Studio album by Damāvand
- Released: April 14, 2023
- Genre: Experimental
- Length: 40:30
- Label: Die Schachtel

= As Long as You Come to My Garden =

2023 debut album by Damāvand

As Long as You Come to My Garden is the first album by the Italian experimental duo Damāvand, released in 2023 by the label Die Schachtel.

== Critical reception ==
As Long as You Come to My Garden was well received by the music press, with some enthusiastic reviews.
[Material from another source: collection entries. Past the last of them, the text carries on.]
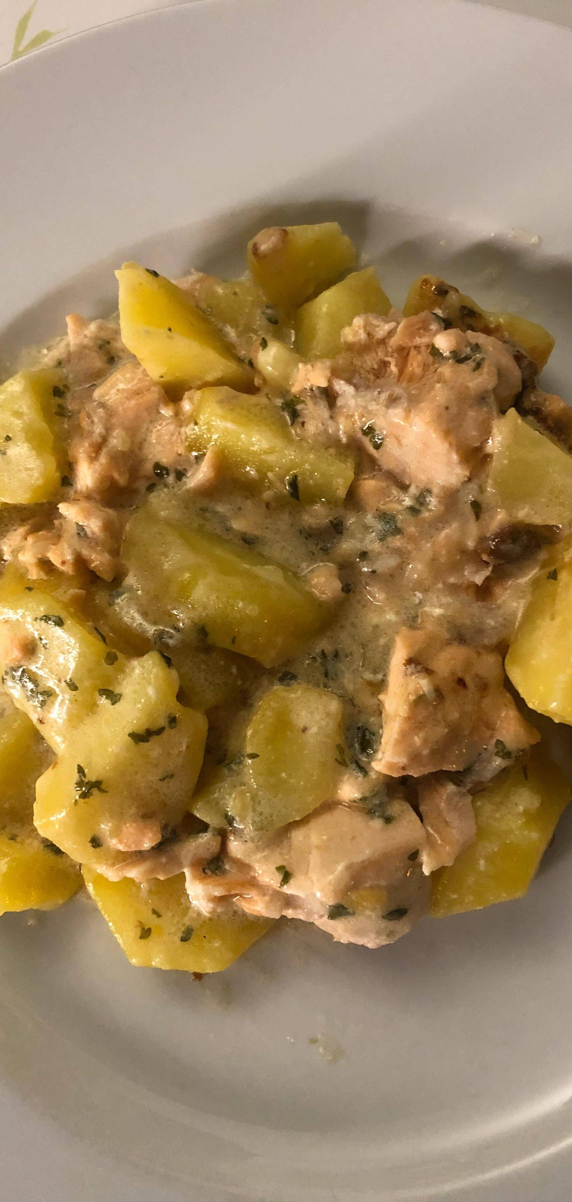 Éplucher et couper les pommes de terre en 4 Émincer l'oignon et l'échalote
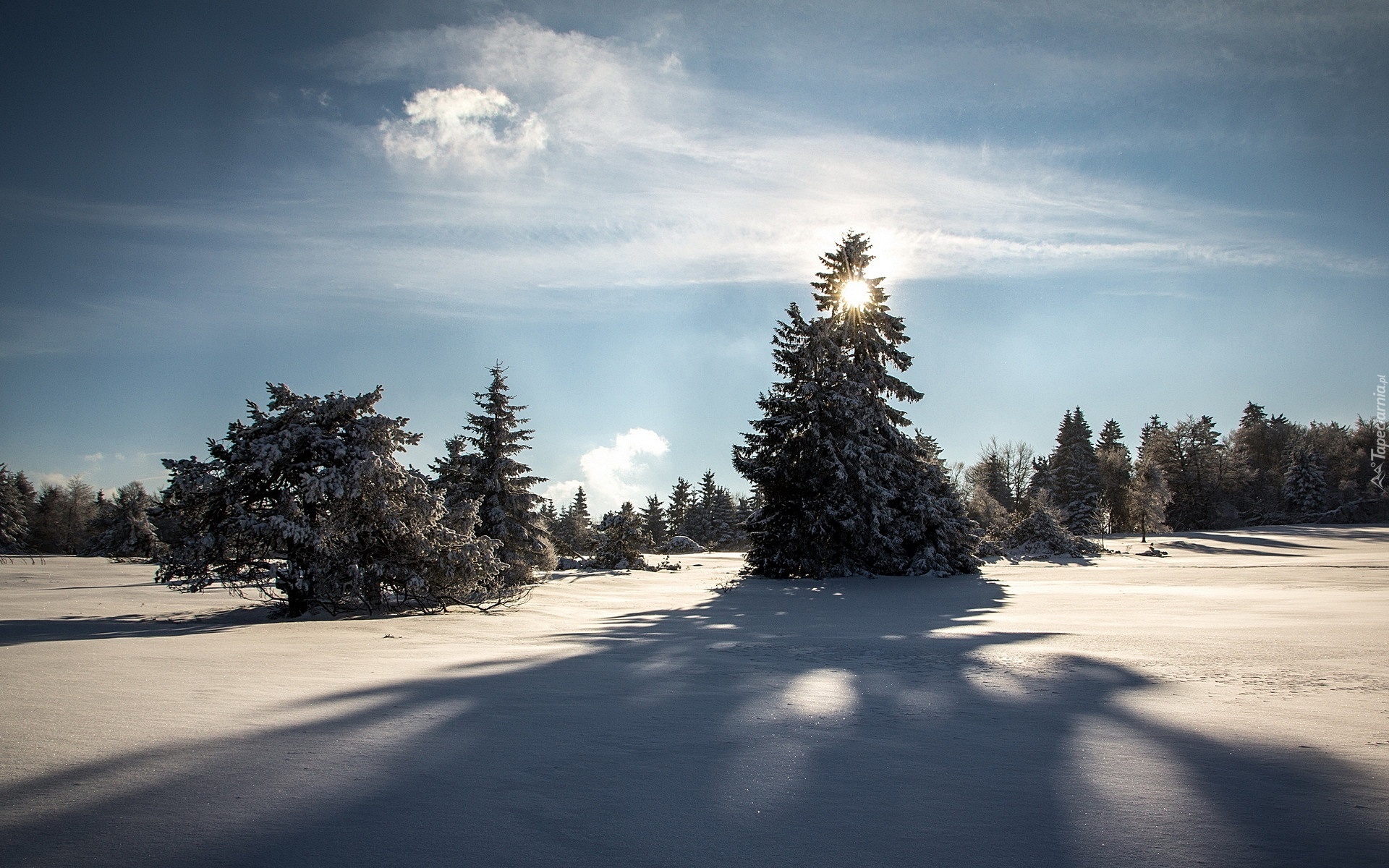 Edytor tapety: Zima, Świerki, Przebijające Światło
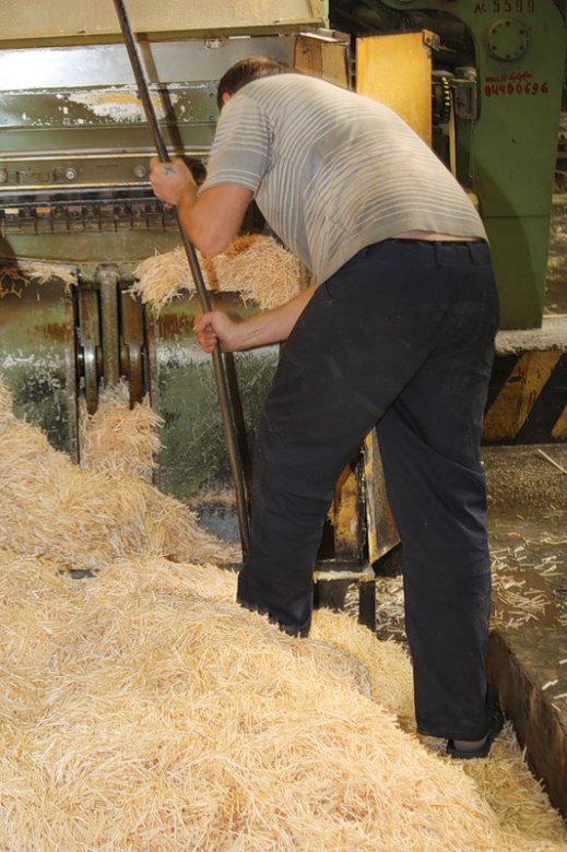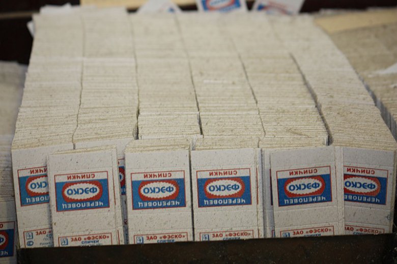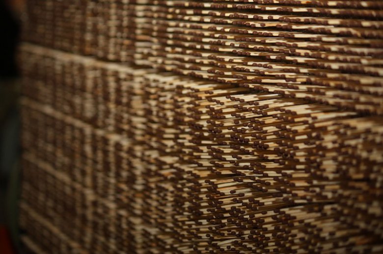 Остальные заготовки идут в дальнейшее производство спичек - в химические цеха (куда меня из соображений безопасности не пустили). Там спичечные палочки пропитывают ортофосфорной кислотой, а после парафинируют, чтобы они не портились (все, кто грызет спичку — срочно её выплюнули). Потом заготовку окунают в серный раствор, чтобы получились спичечные головки.

The New Noise defined it as "one of the most exciting debuts not only of the Die Schachtel label, but of the entire panorama of new Italian creative music".

Richard Allen on A Closer Listen says "The video teaser for Damāvand's As Long as You Come to My Garden provides an electronic impression, while the album itself is a blend of dark ambient, drone and experimental flavors."

Mirco Salvadori on Rockerilla defined it as "work of fascinating complexity".

==Track listing==

===Original release===

Side one
| No. | Title | Writer(s) | Length |
|---|---|---|---|
| 1. | "Part 1 or Water Filled Of Immortality" | G. Ceccarini, A. Ciccarelli | 5:51 |
| 2. | "Part 2 or A gold-embroidered tent" | G. Ceccarini, A. Ciccarelli | 8:42 |
| 3. | "Part 3 or The Sultan and the Khan" | G. Ceccarini, A. Ciccarelli | 5:27 |
| Total length: |  |  | 20:01 |

Side two
| No. | Title | Writer(s) | Length |
|---|---|---|---|
| 1. | "Part 4 or A cypress-tree, sugar thy tongue, in sooth" | G. Ceccarini, A. Ciccarelli | 4:32 |
| 2. | "Part 5 or Pegasus sprung from the fiery sea" | G. Ceccarini, A. Ciccarelli | 9:57 |
| 3. | "Part 6 or Thou dost exhale the perfume sweet of clove and cinnamon" | G. Ceccarini, A. Ciccarelli | 5:39 |
| Total length: |  |  | 20:09 40:11 |

== Personnel ==
Personnel adapted from album liner notes.

Damāvand
- Gianluca Ceccarini (electronics, electroacoustic objects, field recordings, tar)
- Alessandro Ciccarelli (electronics, electroacoustic objects, trumpet, cornet, trombone)

Additional musicians
- Nahid Rezashateri (Vocals on tracks 1 and 6)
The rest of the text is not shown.